Civil Rights Law

Man behind bars


Attorney Gladish has actively pursued excessive force/police brutality claims for over 20 years.  Attorney Gladish looks to protect the constitutional rights of his clients, including going to trial and winning jury verdicts in favor of his clients in these difficult cases where the evidence is stacked against the plaintiff.  Client need to be aware that Congress has passed federal statutes that protect a person’s constitutional rights from violation by the government, including police brutality and false arrest.

Note, the Fourth Amendment provides, in relevant part, for the right of the people to be secure in their persons, houses, papers, and effects, against unreasonable … seizures….” The Supreme Court has explained that “a ‘seizure’ of property occurs when there is some meaningful interference with an individual’s possessory interests in that property” caused by a government actor. In evaluating such a challenge, we must determine whether the “seizure” of property was “unreasonable,” a determination that requires a balancing of governmental and private interests. Generally, seizures of personal property are unreasonable within the meaning of the Fourth Amendment, without more, unless … accomplished pursuant to a judicial warrant.  But because reasonableness is still the ultimate standard under the Fourth Amendment, there are exceptions that allow for warrantless seizures.

Further, a seizure occurs whenever a police officer by means of physical force or show of authority … in some way restrains the liberty of a citizen.  There is a seizure “whenever an officer restrains the freedom of a person to walk away,” such as by the laying on of hands or other application of physical force.  A blow by a police officer that immobilizes the recipient easily meets this definition of a seizure. The fact that the restraint on the individual’s freedom of movement is brief makes no difference.

To state a claim for relief under federal law, a plaintiff must allege that: (1) they were deprived of a right secured by the Constitution or laws of the United States; and (2) the deprivation was visited upon them by a person or persons acting under color of state law.  To prevail on a false-arrest claim under § 1983, a plaintiff must show that there was no probable cause for his arrest.  Usually, the arrest records are stacked against the plaintiff, so an attorney who knows how to vigorously cross examine the police is necessary for you to have any real chance at making a successful recovery.

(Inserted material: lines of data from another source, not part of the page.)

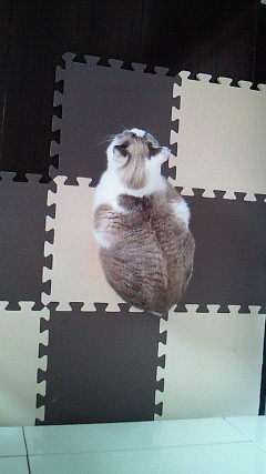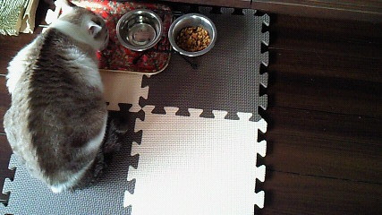 昨夜のキッチンで↑私が何かしている時に以前よりこのマットの上に居るのは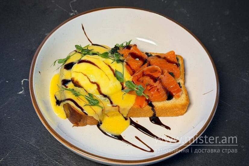 Сніданок на підсмаженому бріош із ніжним лососем, припущеним шпинатом та яйцем пашот доповнюється кремовим голландським соусом, що надає насичений вершковий смак.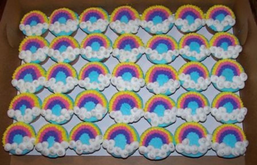 Simple Rainbow cupcakes iced in BC. I used a small star tip for the rainbow and a large round tip for the clouds.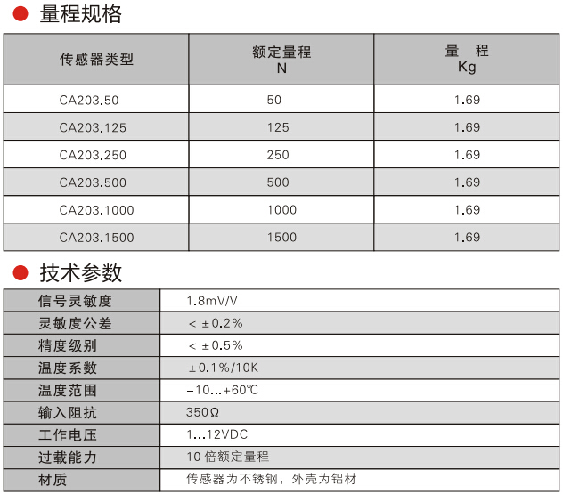 瑞士FMS CA203張力傳感器產(chǎn)品量程規(guī)格、技術(shù)參數(shù)圖:TJU廣州南創(chuàng)電子科技有限公司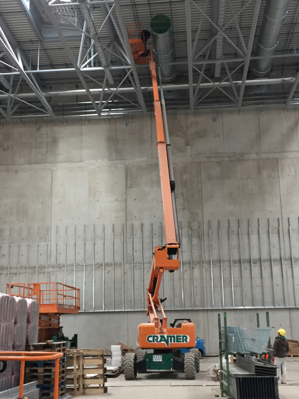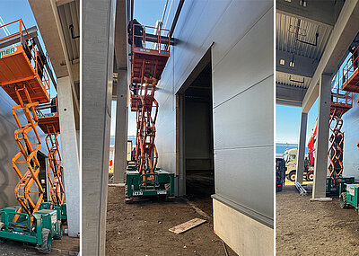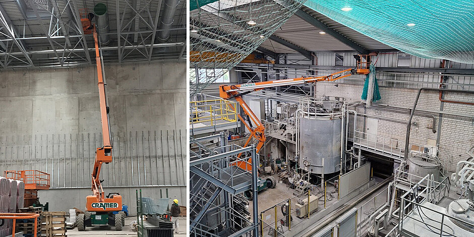 Aufgrund des geringen Platzangebots in der Halle war es nicht möglich, um zu fahren oder zu wenden, sodass die Netzer ihre Arbeiten von einer Position aus durchführen mussten. Hierfür wurde die volle Reichweite der Bühne von 18,90 m benötigt. So konnte die herausfordernde Aufgabe gemeistert und ein sicheres Arbeitsumfeld für die Stahlbauer geschaffen werden.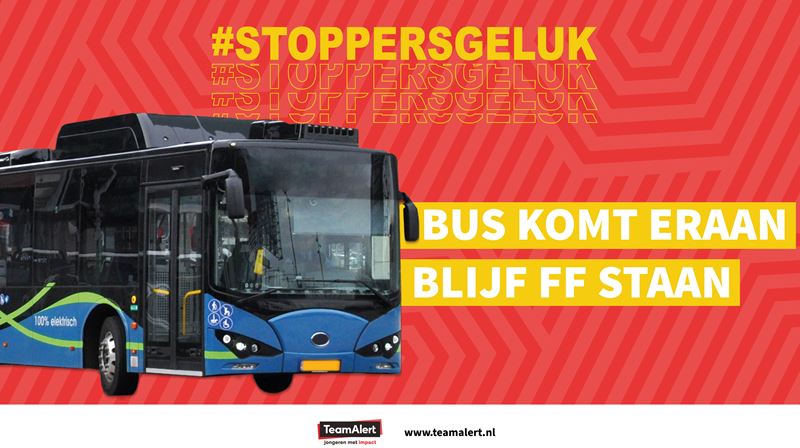 De campagne heeft een online en een offline gedeelte. De kick-off van de campagne is fysiek. Er staan jongerenvoorlichters van TeamAlert bij een oversteekplaats met een grote grabbelton. Scholieren die stoppen voor de bus, worden op een leuke manier geinformeerd over de risico's en mogen hun geluk proeven in de “Stoppersgeluk”-ton en maken kans op leuke prijzen. Via social media en in de bussen van Keolis worden campagnevideo’s verspreid. In deze video’s komt de boodschap van de campagne duidelijk naar voren. Daarnaast zijn er diverse offline uitwerkingen als posters in abri's en sandwichborden langs de weg.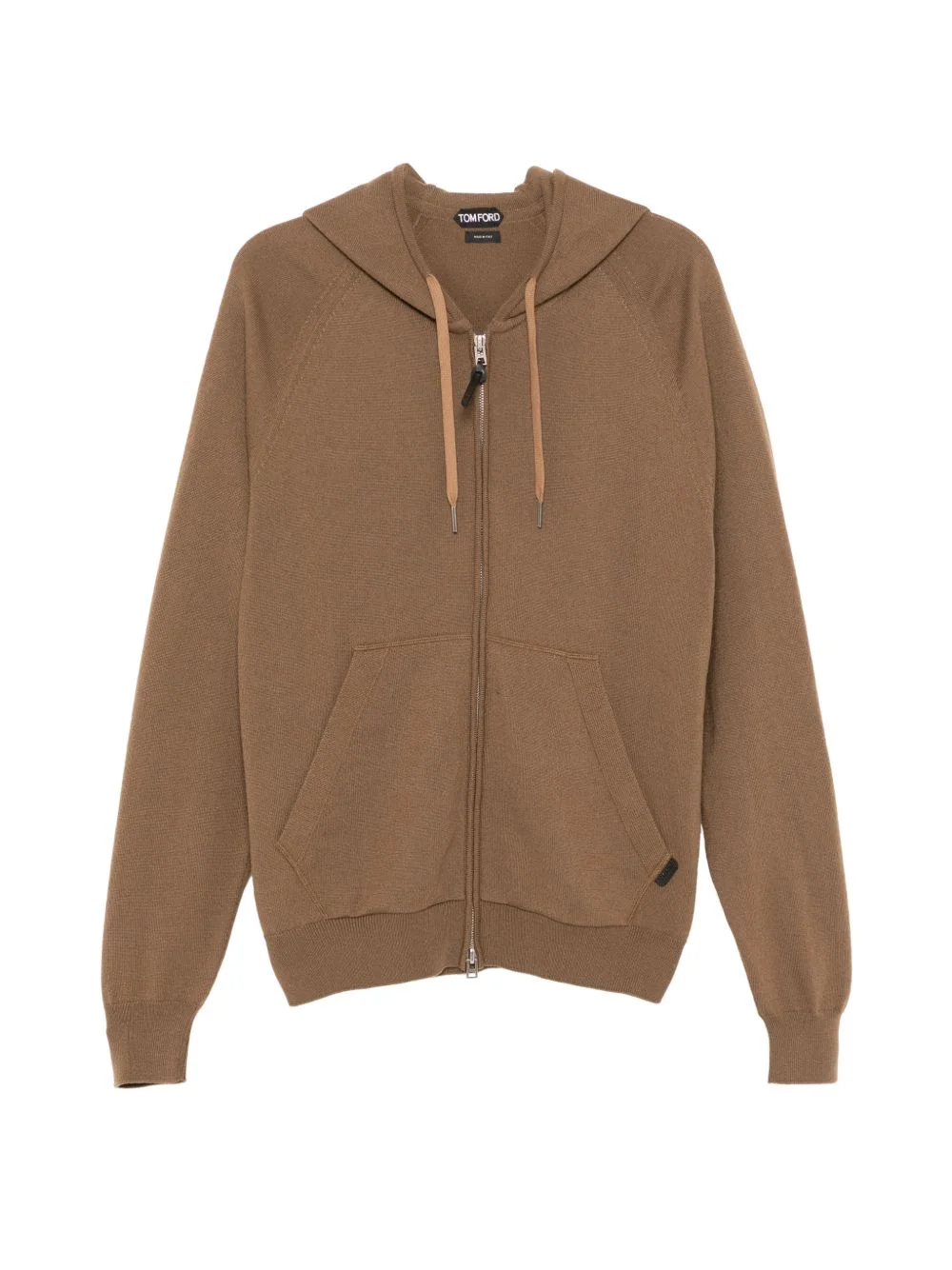 knitted hoodie Highlights - Caramel brown - Drawstring hood - Two front pouch pockets - Front two-way zip fastening - Ribbed cuffs - Ribbed hem Made in Italy Composition Cashmere 61%, Wool 39% Washing instructions Dry Clean Only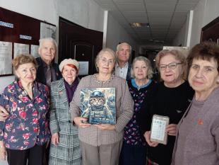 Были переданы письма бойцам от детей войны и подарок командованию батальона - выполненная алмазной мозаикой картина «Котик-боец», сделанная членом совета Н.Н. Беляевой.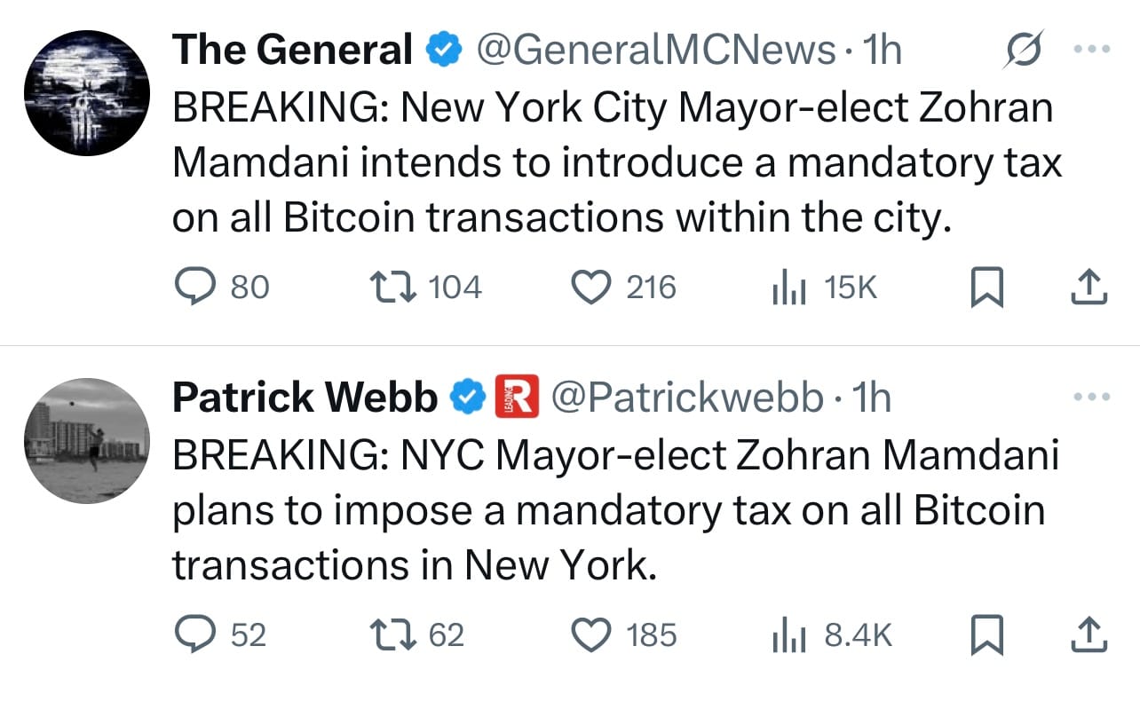 New York City voters ushered in a new era when Zohran Mamdani secured a narrow victory in the mayoral election, promising progressive reforms to tackle affordability and equity. The Democratic Socialist’s campaign emphasized bold investments in public services, drawing strong support from younger demographics and labor unions across the boroughs. Yet a new fake news claim about taxing Bitcoin transactions surfaced on X today, casting an unwanted shadow over his election win and stirring alarm in the crypto space.

There is also the right to be free of excessive force during an arrest. Even when an officer has probable cause to arrest, the Fourth Amendment prohibits him from employing greater force than is reasonably necessary to make the arrest. The question whether the use of force during an arrest is proper under the Fourth Amendment depends on the objective reasonableness of the officer’s actions, judged on the basis of the conditions the officer faced.  In order to assess objective reasonableness, the court must consider all the circumstances, including notably, “[1] the severity of the crime at issue, [2] whether the suspect poses an immediate threat to the safety of the officers or others, and [3] whether he is actively resisting arrest or attempting to evade arrest by flight.”

Finally, the Indiana Supreme Court found that local police departments are not immune from suit under the Indiana Tort Claims Act for excessive use of force by police officers during the course of an arrest, unless the deputy “reasonably believed” that the force was necessary to effectuate a lawful arrest. Usually, the issue of excessive force goes to a jury, unless the undisputed evidence demonstrates that the officer was clearly using reasonable force in effectuating a lawful arrest. Further, governments employing the officers will have liability for their use of excessive force under a theory of respondeat superior up to the Tort Claims Act limit. The current cap for a current Tort Claims Act for an individual claim is $700,000.00 under Indiana law.  However, under federal law, there is no cap to recovery and you may also collect punitive damages, costs and attorney’s fees as damages in these cases.